What are the fastest, easiest ways to lose that muffin top and ditch that gut? Believe it or not, the real path to a better midsection has very little to do with how many crunches you can knock out. It’s all about consistency with the following five actions:
1. Fuel Up
Foods rich in protein help you build muscle, while soluble fiber – found in oats, beans, fruits, and veggies – shrinks belly fat. A study from Wake Forest found that for every 10-gram increase in soluble fiber people ate daily (about two small apples, a serving of oatmeal, a half cup of pinto beans, and a half cup of peas — use these as snacks throughout your day), their belly fat decreased by almost 4%!
Adding ground flaxseed to your diet – mix a teaspoon or two into cereal or yogurt – helps prevent constipation. (It’s hard to have flat abs if your pipes are backed up.) To avoid stomachaches, increase fiber slowly and up your water intake, advises Jessica Crandall, R.D., spokesperson for the Academy of Nutrition and Dietetics.

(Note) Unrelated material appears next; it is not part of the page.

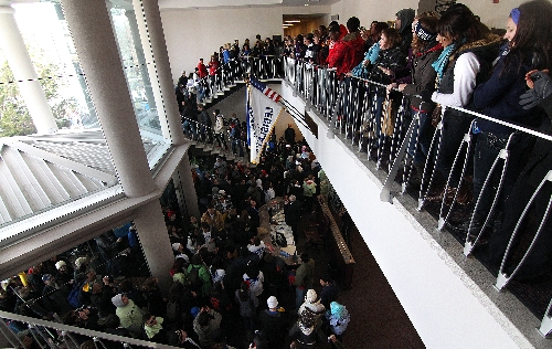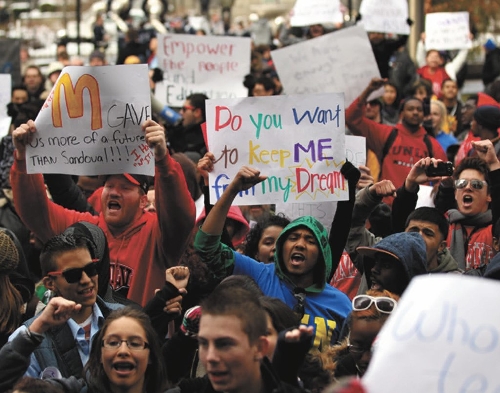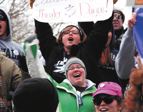 CARSON CITY -- Nearly 1,000 college students from across the state rallied in the snow in front of the Capitol and Legislative Building on Monday to protest Gov. Brian Sandoval's plan to cut state support to higher education by more than $160 million.

In a Duke University study of 196 sedentary, overweight adults, aerobic training significantly reduced deep belly fat and also burned more visible midsection flab. To maximize the benefit with a minimum time commitment, try interval training, suggests exercise physiologist Jessica Matthews of the American Council on Exercise. Start with a 1:2 ratio (jog 30 seconds, then walk briskly for a minute), aiming for 150 minutes weekly.